[Assignment] Identify the line with "Airam-terästermoksissa lämmöneristys perustuu"; copy word for word that line and every one after it, to the end of the listing. Exclude pictures.

[Records provided]

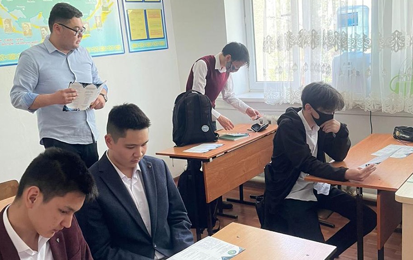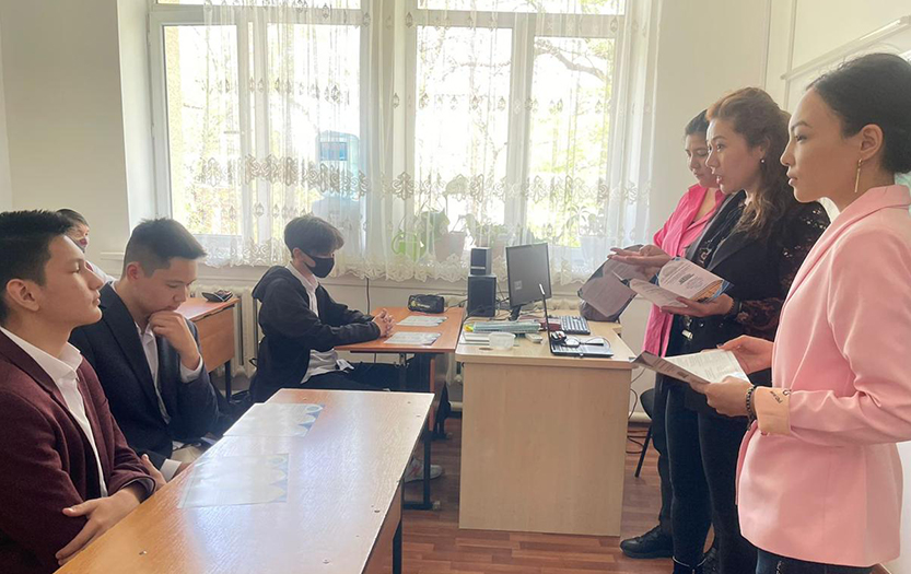 On April 13, 2022 teachers of Political science and social and philosophical disciplines department of the Institute of History and Law, Batyrkhanova Asel, Uldana Aripzhanova, Aigerim Sarybaeva and Dauren Amangeldy conducted career guidance activities for students of 11th grades of secondary school-college«Kokil» in Almaty. The theme of the meeting was «Understanding Society - Learning the Future!
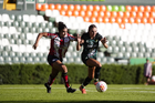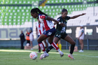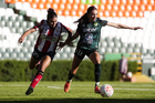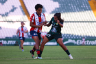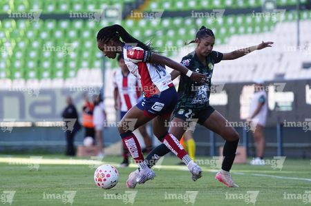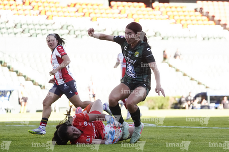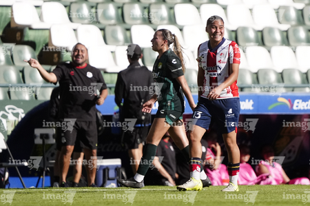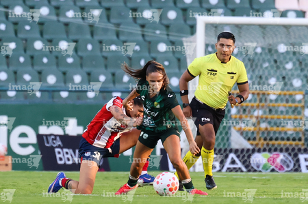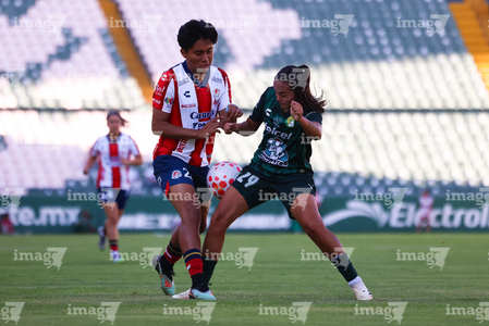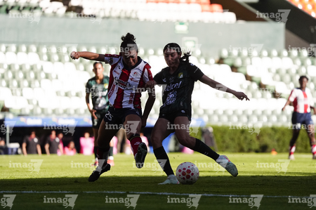 León, Guanajuato, 24 de abril de 2026. Farlyn Caicedo e Itzell Alemán, durante el partido correspondiente a la jornada 17 del torneo Clausura 2026 de la Liga BBVA MX Femenil, entre las Esmeraldas del León y el Atlético San Luis, realizado en el estadio León. Foto: Imago7/
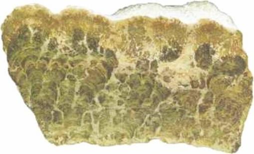 Фото 19. Строматолит. Следы жизнедеятельности бактерий, образовывавших слоистые «ковры» на мелководье. Отшлифованный спил. Пермский период. Приуралье.
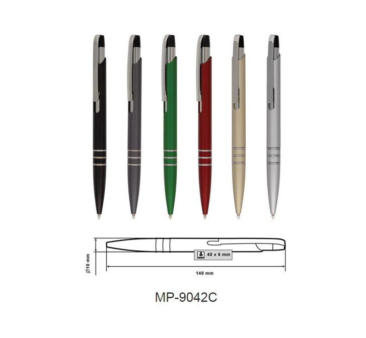 Plastic ballpoint pen, slim plastic refill, blue ink.
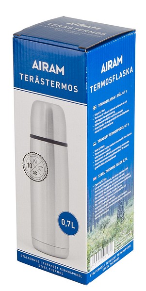 Airam-terästermoksissa lämmöneristys perustuu kahden teräksisen seinämän väliin muodostettuun tyhjiöön. Ruostumattomat termokset on valmistettu laadukkaasta SUS 304 -teräksestä, joka täyttää Euroopan elintarviketurvallisuusvaatimukset. Pikakorkki helpottaa käyttöä. Ei särkyviä lasiosia.
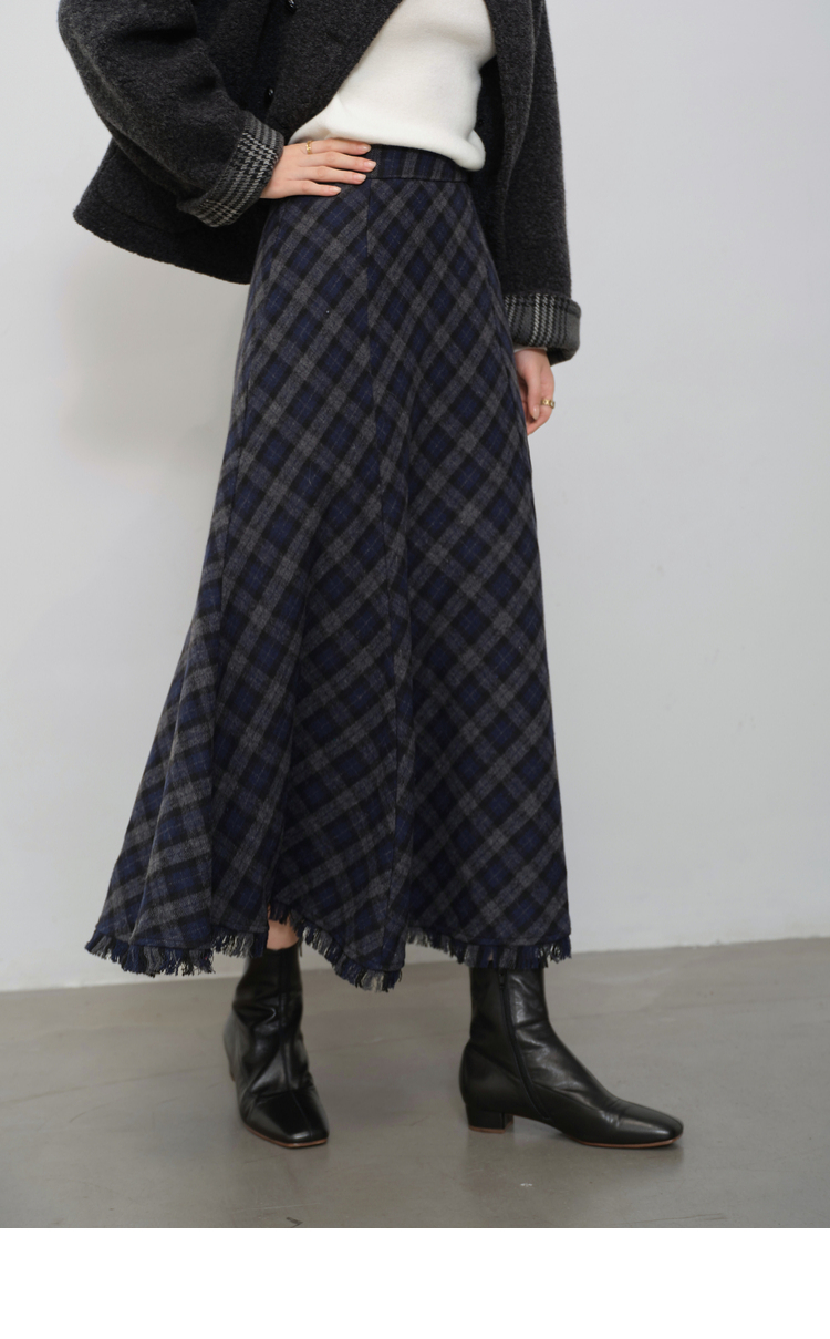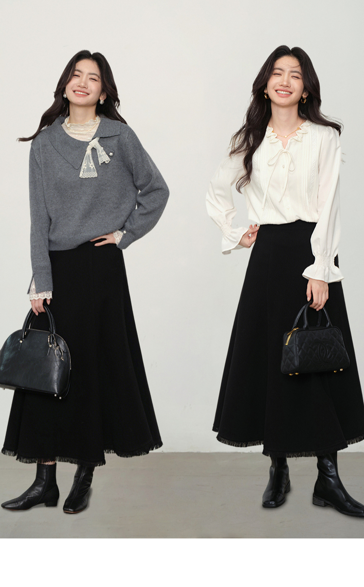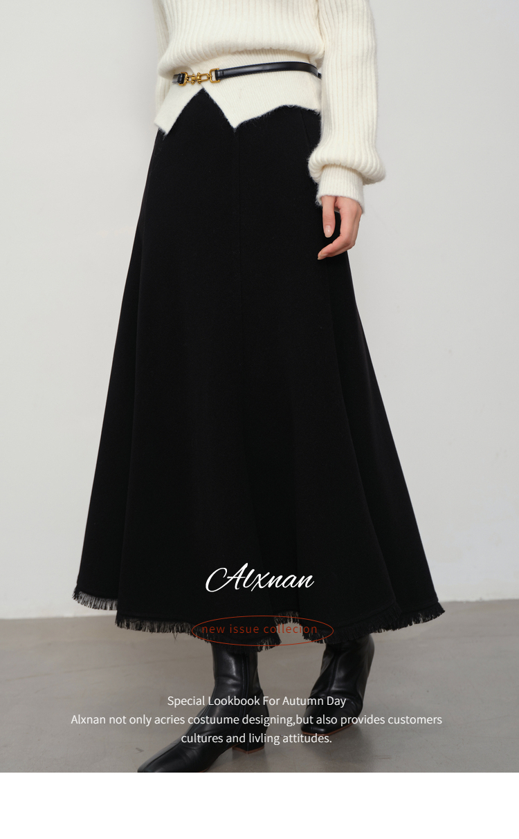 鹿向南「雅致书卷」黑色高腰A字流苏毛边半身裙女秋显瘦垂感长裙

[Response area]
 Airam-terästermoksissa lämmöneristys perustuu kahden teräksisen seinämän väliin muodostettuun tyhjiöön. Ruostumattomat termokset on valmistettu laadukkaasta SUS 304 -teräksestä, joka täyttää Euroopan elintarviketurvallisuusvaatimukset. Pikakorkki helpottaa käyttöä. Ei särkyviä lasiosia.
 鹿向南「雅致书卷」黑色高腰A字流苏毛边半身裙女秋显瘦垂感长裙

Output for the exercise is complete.